Начальник, замотанный полотенцем, продолжал лежать на диване. Он охал и стонал. Но он еще больше застонал, когда Панфилыч вошел в комнату.

Панфилыч сказал:

– Я очень сожалею, уважаемый, что мои пчелы вас укусили. Но в этом вы сами виноваты. Нельзя столь равнодушно относиться к делам, независимо от того, большие они или маленькие. Пчелы этого не выносят. Они без всяких разговоров кусают за это людей.

Начальник застонал еще больше, а Панфилыч продолжал:

– Пчелы абсолютно не переносят бюрократизма и равнодушия к их судьбе. Вы же с ними поступили так, как, вероятно, поступаете с людьми, – и вот вам расплата.

Панфилыч посмотрел в окно и добавил:

– Закат солнца произошел. Мои спутницы заняли свои места. Честь имею кланяться! Мы поехали.

Начальник станции слабо кивнул головой – дескать, уезжайте поскорей! И тихо прошептал:

– Всех ли пчел-то захватили? Глядите не оставьте чего-нибудь у нас.

Панфилыч говорит:

– Если две-три пчелы у вас и останутся, то это вам пойдет на пользу. Своим жужжанием они вам будут напоминать о последнем событии.

С этими словами Панфилыч вышел из помещения.

На другой день к вечеру наш славный Панфилыч прибыл со своим живым товаром к месту назначения.

Колхозники встретили его с музыкой.

Фокин-Мокин

Давеча я зашел в одну артель. К коммерческому директору. Надо было схлопотать одно дельце для нашего учреждения. Один заказ.

Все наши сотрудники бесцельно ходили к этому неуловимому директору. И вот наконец послали меня.

Заведующий мне сказал:

– Человек вы нервный, солидный. Сходите. Может, вам посчастливится поймать его.

Вообще-то я не любитель ходить по учреждениям. Какого-то такого морального удовлетворения не испытываешь, как, например, от посещения кино. Но раз такое дело – пришлось пойти.

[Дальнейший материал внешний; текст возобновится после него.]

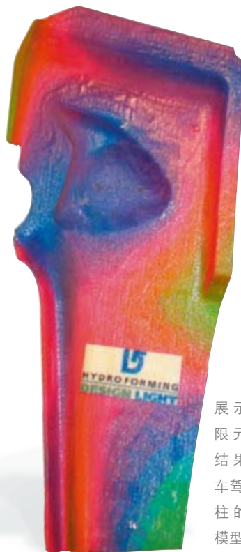
展示出有限元分析结果的卡车驾驶室B柱的三维模型

Hydroforming Design Light AB很容易就做出了从Z Corporation公司购买Spectrum Z™510型三维打印机的决定，因为任何其它公司都没有能够制作多色实体模型的打印机产品。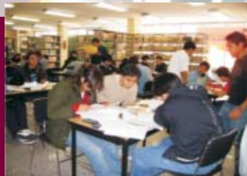
Biblioteca del Centro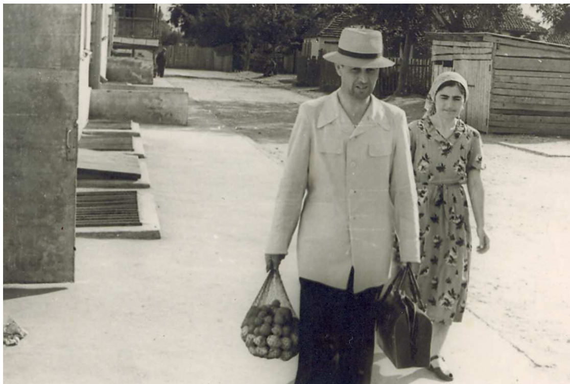
Поэт – джентльмен. Тяжёлая ноша не для женских рук.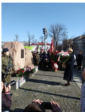
Uroczystości w Tarnowie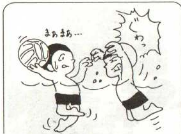
△ボールを持っている選手にはアタックしてもよい。

選手がそれぞれ自軍のゴールライン上に並び、審判が笛の合図と同時に競技場中央にボールを投げ入れて試合が開始されます。ドリブル(顔の前にボールを置き、クロールで泳ぎながらボールを運ぶ)や片手でパスをしながら相手ゴールに投げ入れます。得点は一点。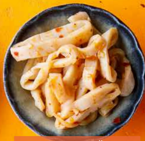
МАРИНОВАННЫЙ КАЛЬМАР 790 ₽ Pickled squid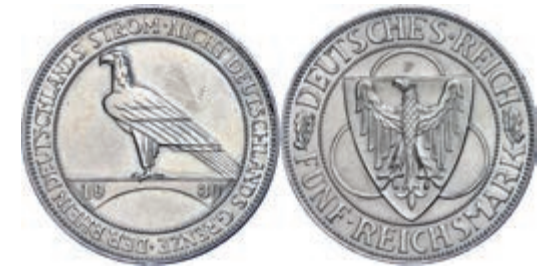
143 5 Reichsmark, 1930, Rheinlandräumung, Mzz F, Felder bearbeitet, kleine Randfehler, ss-vz. J. 346 50,—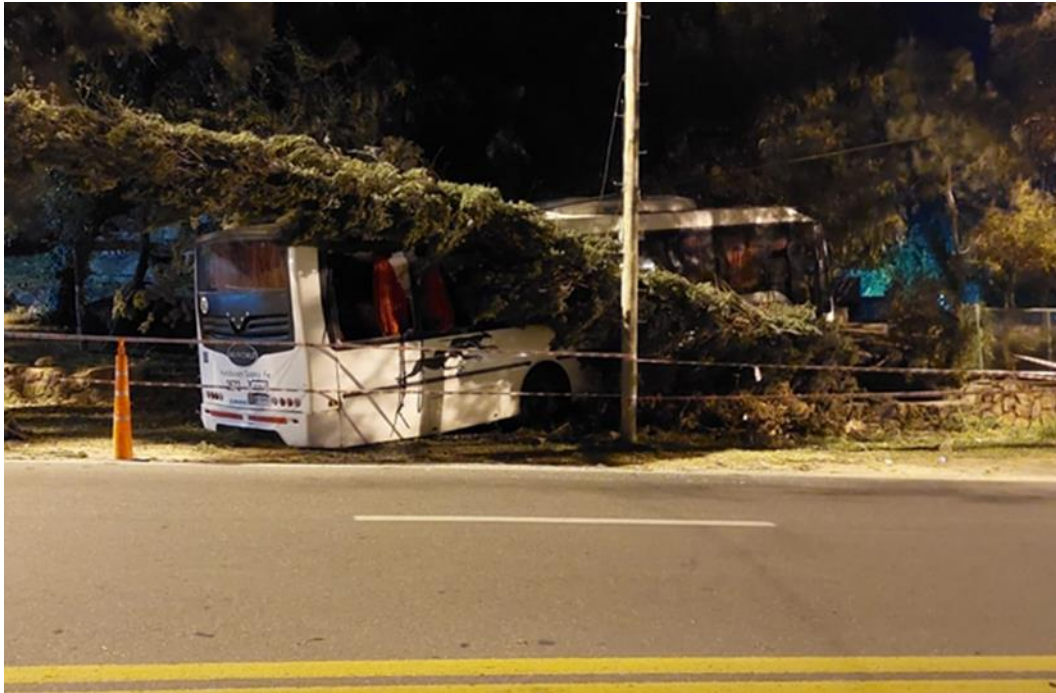
Figura 1. Posición final del vehículo tras el choque.

resultado del suceso, se registraron daños materiales en la unidad, en la propiedad impactada y lesiones en 21 pasajeros y en el conductor, los cuales fueron trasladados al hospital municipal Dr. Gumersindo Sayago.

Прихожу в эту артель. Спрашиваю, где этот Фокин – коммерческий директор.

Уборщица отвечает:

– Фокина нет.

Я говорю:

– Подожду вашего Фокина. Проведите меня в его кабинет.

Сначала уборщица не хотела даже указывать, где его кабинет.

А надо сказать, я человек крайне нервный. Немножко понервничаю – у меня уже голос дрожит, и руки дрожат, и сам весь дрожу.

Недавно на врачебной комиссии доктор велел мне положить ногу на ногу, и по коленке он ударил молоточком, чтоб посмотреть, какой я нервный. Так нога у меня так подскочила, что разбежался весь медицинский персонал. И врач сказал: «Нет, я больше не буду вас испытывать, а то вы мне тут весь персонал изувечите».

Так вот, увидев, что я такой нервный, уборщица провела меня в кабинет к этому Фокину. И я там сел за его стол.

И решил не сходить с места, пока не появится сам директор. И вот скрутил папиросочку и сижу за этим столом. Мечтаю, чтоб кто-нибудь дал мне огонька закурить.

Открывается дверь. И в кабинет заглядывает какой-то посетитель. Вежливо кланяется мне и улыбается.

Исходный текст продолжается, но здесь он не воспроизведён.